Retirement is supposed to be a period of rest and relaxation, but for some people it can be a period of reduced income. If your retirement plan offers only a fraction of your career income, then maintaining the same expenses can cause a problem. Although certain expenses cannot be adjusted, your mortgage payment can be adjusted. Refinancing may allow you to reduce your monthly payment, and even provide cash to pay off other expenses.
1. Refinance for a lower amount. If you've paid your current mortgage for numerous years, you have inevitably paid off a certain amount of the original loan. Even if you refinance with the same interest rate and loan term, you can reduce your monthly payments. For example, if you paid off half of a $150,000 loan, then you can refinance the $75,000 balance to cut your payments in half.

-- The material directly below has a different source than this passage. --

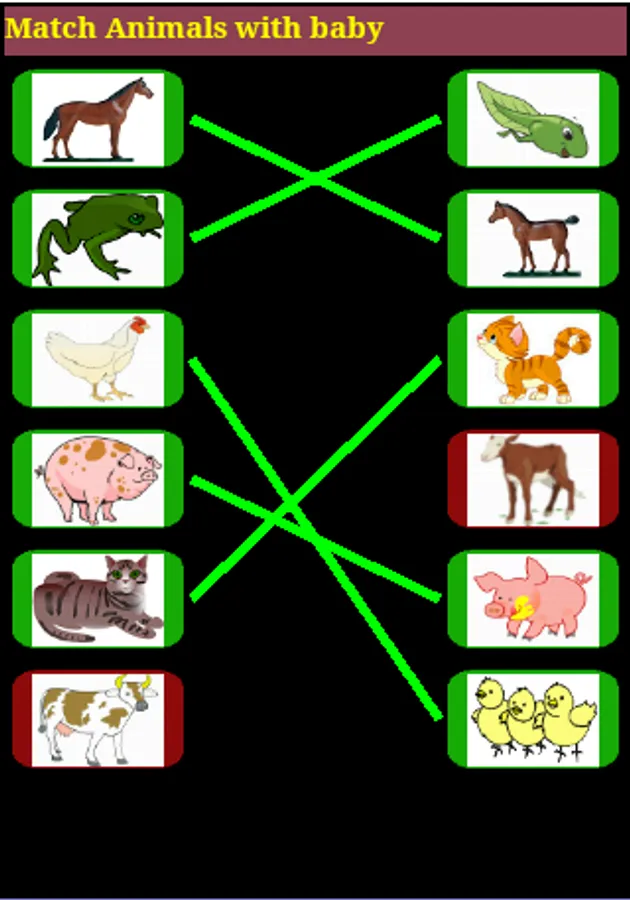 The app now gives an option to includes the new Matching Animal Game where, the child can match Animals with their respective homes, products or babies.

2. Lower your interest rate. With a weak economy, coupled with a good credit history, you will likely receive a lower interest rate. This improved rate reduces your payment by reducing accrued interest, even if you borrow the same amount. In the example from the previous step, if your original interest rate was 8 percent on a $150,000 loan, a reduction to 4 percent would reduce your payment by $385 a month
3. Extend your loan term. Even if you keep the same interest rate and loan amount, extending the loan term will reduce your payment by spreading the payback over a longer period of time. In the example, only moving from a 15-year mortgage to a 40-year mortgage would reduce payments by $390.
4. Get cash back to cover higher interest debts, such a credit cards. Continuing the example, if you had built up $30,000 in equity, you only owe $120,000 on the loan. If you refinanced for the original $150,000, you'll receive that extra $30,000 as cash, which you can use to pay off any credit-card debt you may have. If you had $30,000 in credit-card debt at 29.99 percent interest, you would save $749.75 in monthly credit-card interest.